Working with Google Sheets

Before you can save data to Google Sheets, you need to have a spreadsheet. Using googlesheets4, you can create the same sheet as seen above as follows:1

# Create a Google Sheet "tldr-sheets-demo"
# with two worksheets (tabs) titled "tldr-1" and "tldr-2"
googlesheets4::gs4_create(name = "tldr-sheets-demo",
                          sheets = c("tldr-1", 
                                     "tldr-2")
                          )

Per the documentation, the name parameter defines the name of the spreadsheet and the sheets argument specifies which worksheets to create. If unspecified, it will create an empty spreadsheet with the name “Sheet1”.2

Let’s say I want to write a random subset of the mtcars data frame. I’ll define a function that will randomly select num_rows from a data frame:

random_subset <- function(data, num_rows) {
  if (num_rows > nrow(data)) {
    stop("Can't randomly select more rows than are available.")
  }
  subset <- sample(1:nrow(data), size = num_rows, replace = FALSE)
  data[subset,]
}

With the data ready to go, I’ll need a Sheet ID. The easiest way to get this is as follows: googledrive::drive_get("your-sheet-name"). For our example, we’ll save it as a variable:

tldr_sheet_id <- googledrive::drive_get("tldr-sheets-demo")

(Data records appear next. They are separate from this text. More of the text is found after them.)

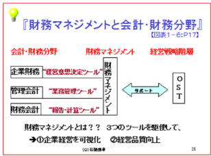 3つの会計・財務分野(財務会計・管理会計・企業財務)を財務マネジメントが総合的に束ねて、経営の3つの階層OST(Objective:目的、Strategy:戦略、Tactics:戦術)をサポートします。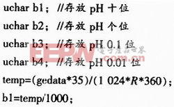 PHG-96FS测试仪的分辨率为0.01 pH,则本系统也将计算得到的pH保留小数点后两位小数,具体的做法为将temp=35*gedata/(1 024*R *36000)的分子乘以100,即temp=35*gedata/(1 024*R*360),其部分程序如下: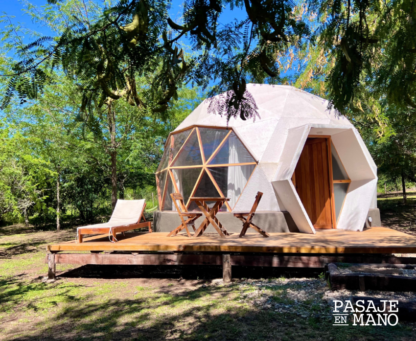 Este glamping está ubicado en uno de los pueblitos más antiguos de Córdoba, a 130 kilómetros de Capital. Cuenta con 6 domos que tienen ropa de cama, baño y deck privados. Está dentro de un predio de 23 hectáreas donde hay una pileta de agua natural que proviene del río Amboy y diferentes actividades como trekking, bicicletas, juegos de mesas y hasta espacio para masajes. El servicio es all inclusive: desayuno, almuerzo, picnic, cena y hasta picada.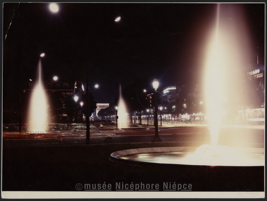 Paris, Champs-Elysées, bassins d'eau la nuit

Now we are ready to store our data on Google Sheets! We can store data within the same worksheet or in separate ones. Below I provide overviews of each method, and how I approach writing to and reading from them.

Same Worksheet

Writing Data

Default Behavior: Overwrite Existing Data

If we wanted to write mtcars to the “tldr-1” worksheet, we can do so as follows:

# Write 5 random rows of mtcars to 'tldr-1' worksheet
googlesheets4::sheet_write(data = random_subset(mtcars, 5),
                           ss = tldr_sheet_id,
                           sheet = "tldr-1")

If we take a look at the spreadsheet online, we can see the data looks like this:

By default, if recalling sheet_write() with the same sheet argument will overwrite existing data:

# Overwrite 5 random rows of mtcars to 'tldr-1' worksheet
googlesheets4::sheet_write(data = random_subset(mtcars, 5),
                           ss = tldr_sheet_id,
                           sheet = "tldr-1")

Fancy Behavior: Append Data

Instead of using the default behavior to overwrite the data, you could append it – assuming it’s the same structure. For example, to append data to ‘tldr-1’, I often use the following structure:

# Read our sheet
values <- googlesheets4::read_sheet(ss = tldr_sheet_id, 
                                    sheet = "tldr-1")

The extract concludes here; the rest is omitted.